[Information shown Boundary: Start]
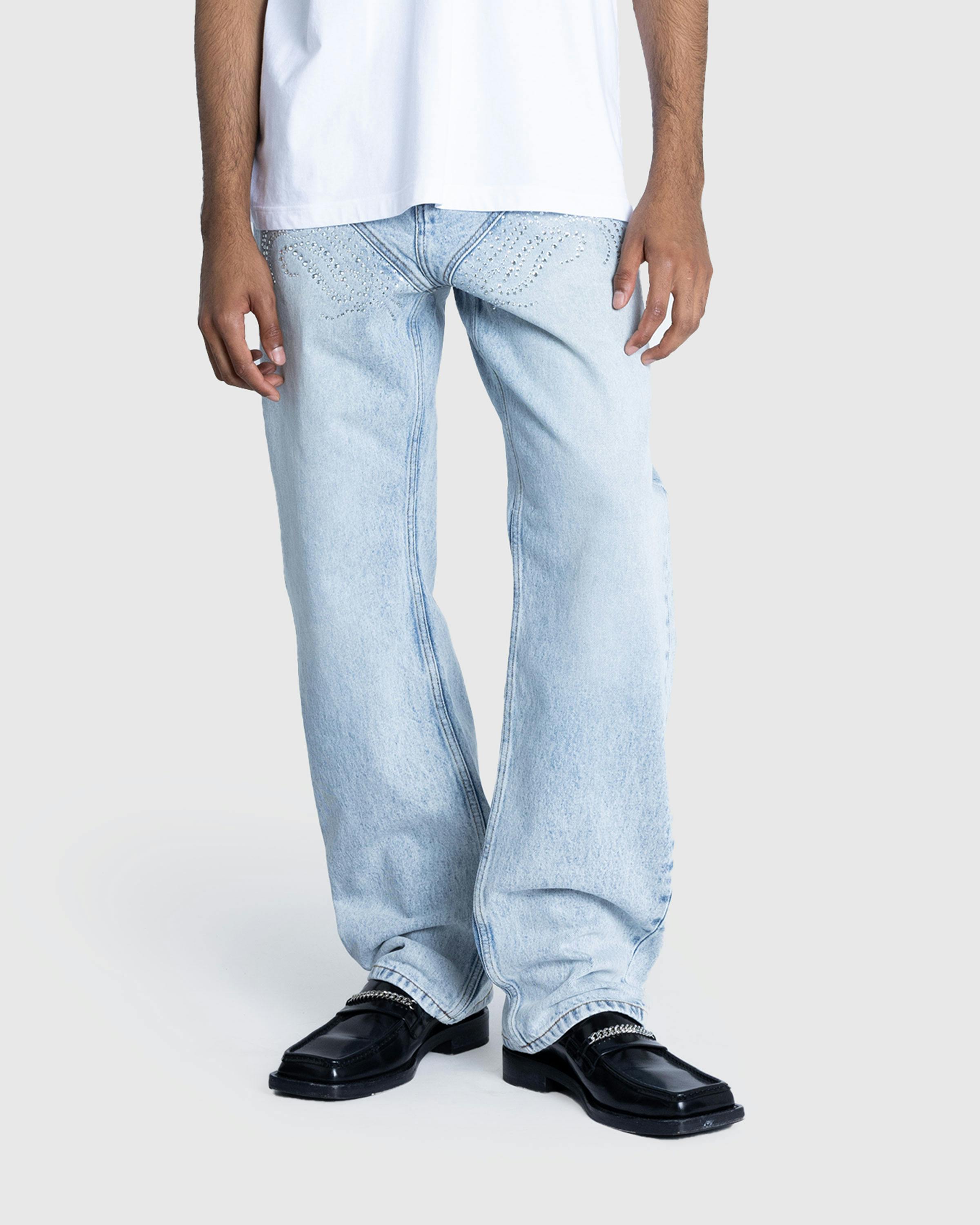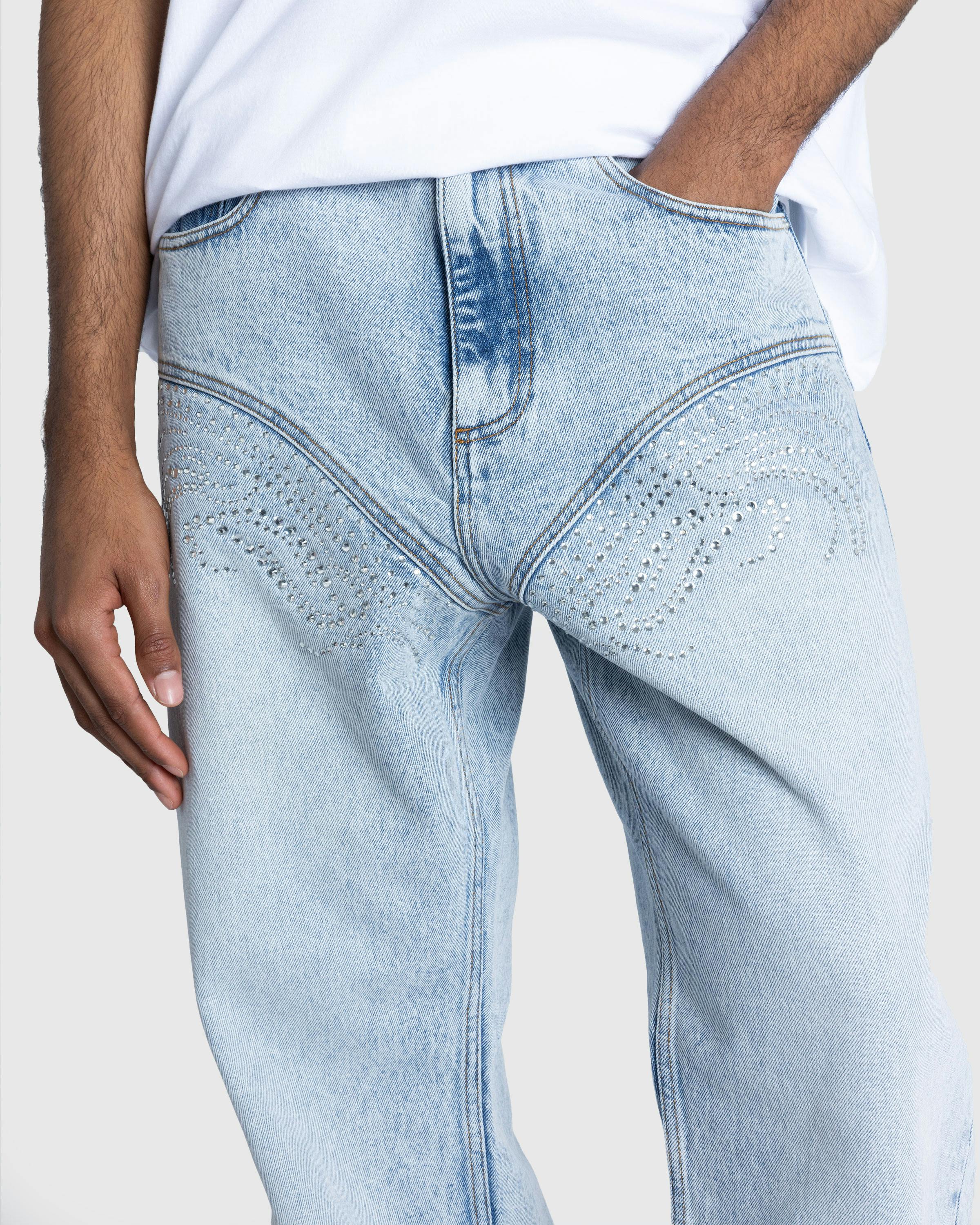 These exclusive Y/Project jeans arrive as part of our Not In Paris collection. Designed in a paneled construction with rhinestone accents along the thigh, the pair is finished with contrast stitching and a leather logo patch at the back waistband.
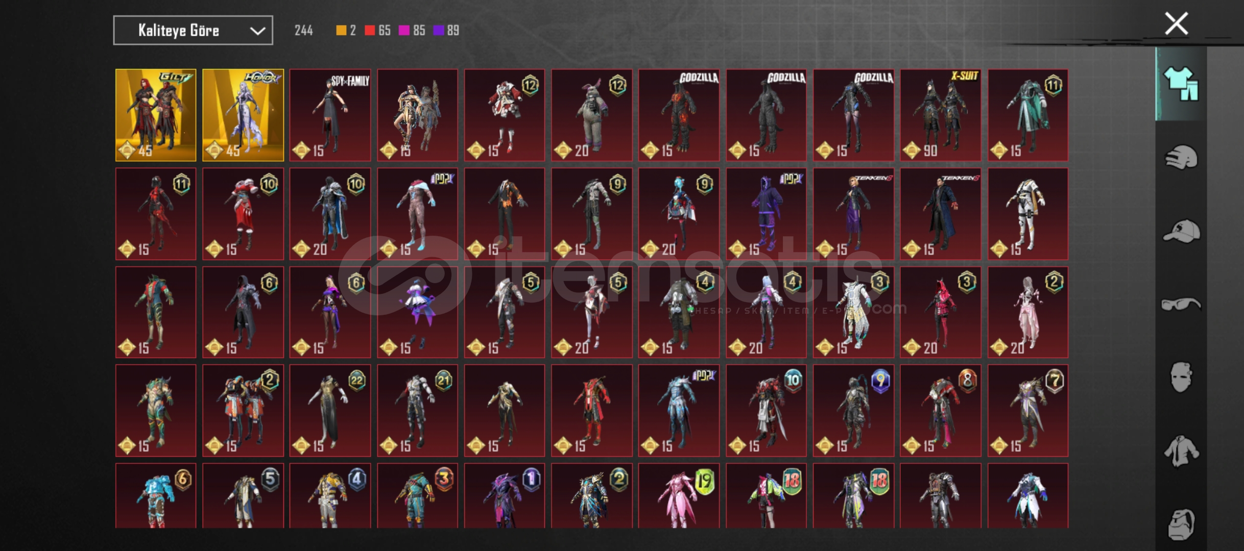 SetlerAnukhra 4 sv Firavun 1 sv Yanardöner xsuit 1 svÖlüm meleği ecel setiVahşi haydut sesiSeri katilKusursuz tetikçiİşgalci tavşancık setiZaman seyyahıDeniz yılanı setiAmansız suikastci setiMaskeli medyum Ra savaşçı setiPilot setiSilahlarKum ozanı dbs 3 seviyeAlevli Godzilla groza 4 svRuhbicen ump 4 svEjder şarkısı mk14 4 svObur tavşan AKM 4 svYükselen ejderha mg 4 svKü&cc...
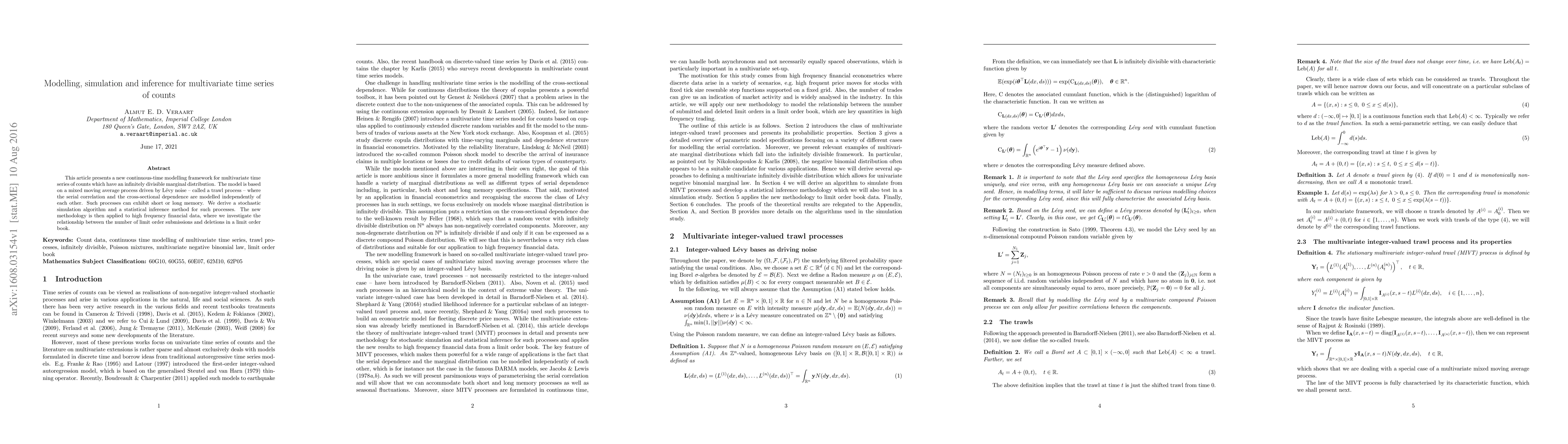 This paper introduces a new continuous-time model for multivariate time series of counts using a trawl process driven by Lévy noise, allowing independent modeling of serial correlation and cross-sectional dependence. The study also develops a simulation algorithm and inference method, which are applied to high-frequency financial data to analyze limit order book dynamics.
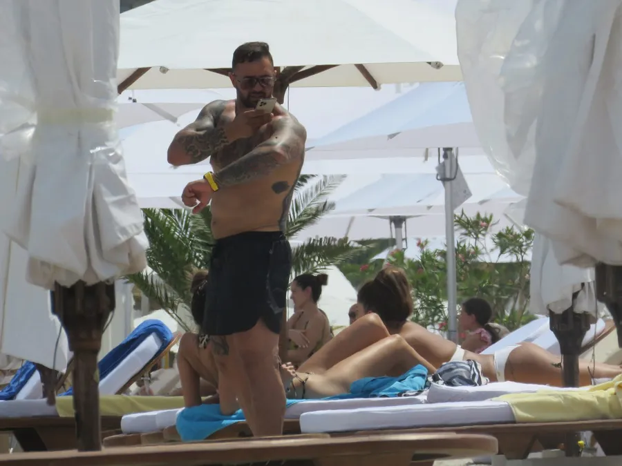 Apoi a apărut Alex Bodi. S-a așezat lângă iubita lui, la plajă, cu ochelarii pe ochi și a uimit din nou cu impresionantele tatuaje de pe tot corpul. Nu a stat mult, pentru că telefonul l-a deranjat. Și-a lăsat ”modelul” pe șezlong și a început convorbirea.
[Information shown Boundary: End]
» Goal of the exercise
A verbatim copy of the data, free of pictures, is the expected answer.

» Output for this exercise
 These exclusive Y/Project jeans arrive as part of our Not In Paris collection. Designed in a paneled construction with rhinestone accents along the thigh, the pair is finished with contrast stitching and a leather logo patch at the back waistband.
 SetlerAnukhra 4 sv Firavun 1 sv Yanardöner xsuit 1 svÖlüm meleği ecel setiVahşi haydut sesiSeri katilKusursuz tetikçiİşgalci tavşancık setiZaman seyyahıDeniz yılanı setiAmansız suikastci setiMaskeli medyum Ra savaşçı setiPilot setiSilahlarKum ozanı dbs 3 seviyeAlevli Godzilla groza 4 svRuhbicen ump 4 svEjder şarkısı mk14 4 svObur tavşan AKM 4 svYükselen ejderha mg 4 svKü&cc...
 This paper introduces a new continuous-time model for multivariate time series of counts using a trawl process driven by Lévy noise, allowing independent modeling of serial correlation and cross-sectional dependence. The study also develops a simulation algorithm and inference method, which are applied to high-frequency financial data to analyze limit order book dynamics.
 Apoi a apărut Alex Bodi. S-a așezat lângă iubita lui, la plajă, cu ochelarii pe ochi și a uimit din nou cu impresionantele tatuaje de pe tot corpul. Nu a stat mult, pentru că telefonul l-a deranjat. Și-a lăsat ”modelul” pe șezlong și a început convorbirea.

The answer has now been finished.